▶ **Task item**: Set down the data below exactly; pictures stay out.

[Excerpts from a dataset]
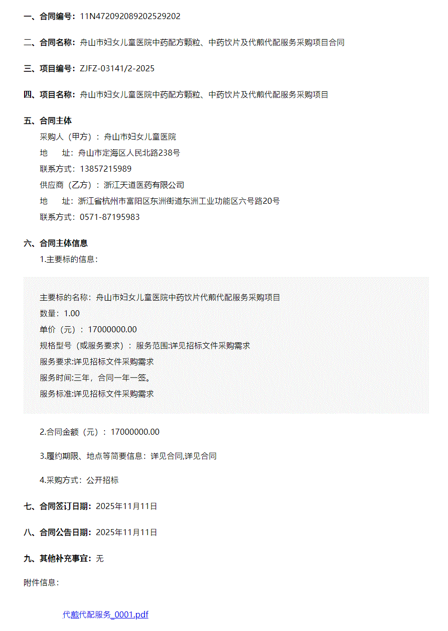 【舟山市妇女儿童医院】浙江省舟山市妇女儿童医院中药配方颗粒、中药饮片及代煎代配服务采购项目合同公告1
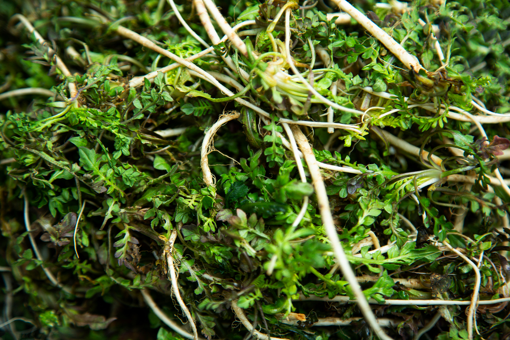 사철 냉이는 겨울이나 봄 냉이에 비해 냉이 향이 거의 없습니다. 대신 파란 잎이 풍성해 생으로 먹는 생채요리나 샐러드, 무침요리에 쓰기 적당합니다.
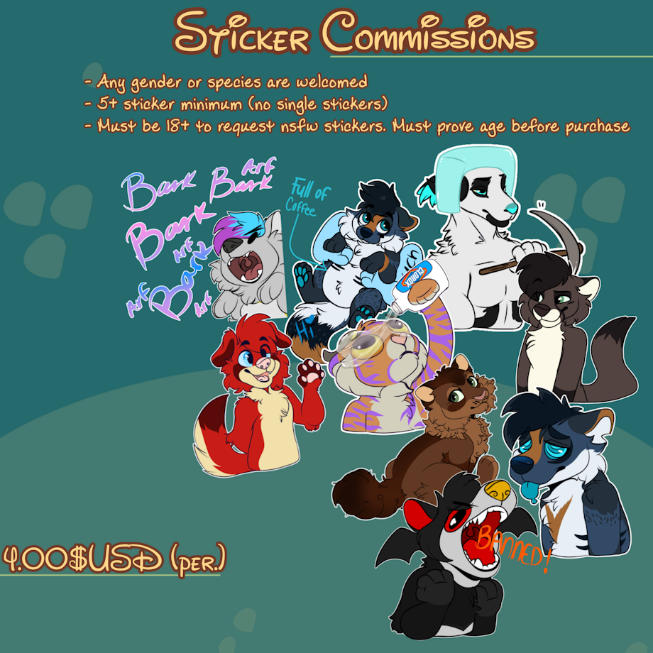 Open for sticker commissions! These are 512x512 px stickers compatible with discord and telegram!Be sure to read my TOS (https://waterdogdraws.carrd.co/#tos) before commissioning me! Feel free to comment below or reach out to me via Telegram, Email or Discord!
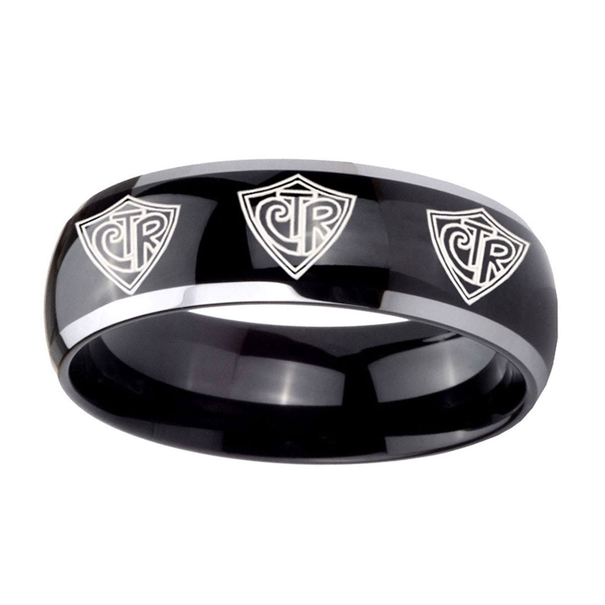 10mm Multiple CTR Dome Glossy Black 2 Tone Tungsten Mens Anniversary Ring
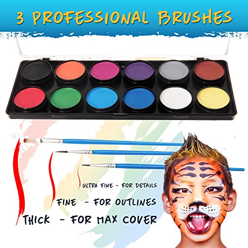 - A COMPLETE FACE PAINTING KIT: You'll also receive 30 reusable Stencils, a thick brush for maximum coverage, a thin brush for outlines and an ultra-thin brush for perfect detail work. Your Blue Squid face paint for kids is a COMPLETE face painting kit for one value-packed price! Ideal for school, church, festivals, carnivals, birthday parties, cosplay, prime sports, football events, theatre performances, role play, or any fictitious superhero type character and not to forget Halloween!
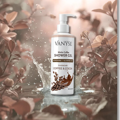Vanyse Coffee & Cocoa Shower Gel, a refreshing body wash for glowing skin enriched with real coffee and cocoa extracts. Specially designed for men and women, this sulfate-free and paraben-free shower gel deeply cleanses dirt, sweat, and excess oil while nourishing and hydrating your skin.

▶ **The answer**:
 【舟山市妇女儿童医院】浙江省舟山市妇女儿童医院中药配方颗粒、中药饮片及代煎代配服务采购项目合同公告1
 사철 냉이는 겨울이나 봄 냉이에 비해 냉이 향이 거의 없습니다. 대신 파란 잎이 풍성해 생으로 먹는 생채요리나 샐러드, 무침요리에 쓰기 적당합니다.
 Open for sticker commissions! These are 512x512 px stickers compatible with discord and telegram!Be sure to read my TOS (https://waterdogdraws.carrd.co/#tos) before commissioning me! Feel free to comment below or reach out to me via Telegram, Email or Discord!
 10mm Multiple CTR Dome Glossy Black 2 Tone Tungsten Mens Anniversary Ring
 - A COMPLETE FACE PAINTING KIT: You'll also receive 30 reusable Stencils, a thick brush for maximum coverage, a thin brush for outlines and an ultra-thin brush for perfect detail work. Your Blue Squid face paint for kids is a COMPLETE face painting kit for one value-packed price! Ideal for school, church, festivals, carnivals, birthday parties, cosplay, prime sports, football events, theatre performances, role play, or any fictitious superhero type character and not to forget Halloween!
Vanyse Coffee & Cocoa Shower Gel, a refreshing body wash for glowing skin enriched with real coffee and cocoa extracts. Specially designed for men and women, this sulfate-free and paraben-free shower gel deeply cleanses dirt, sweat, and excess oil while nourishing and hydrating your skin.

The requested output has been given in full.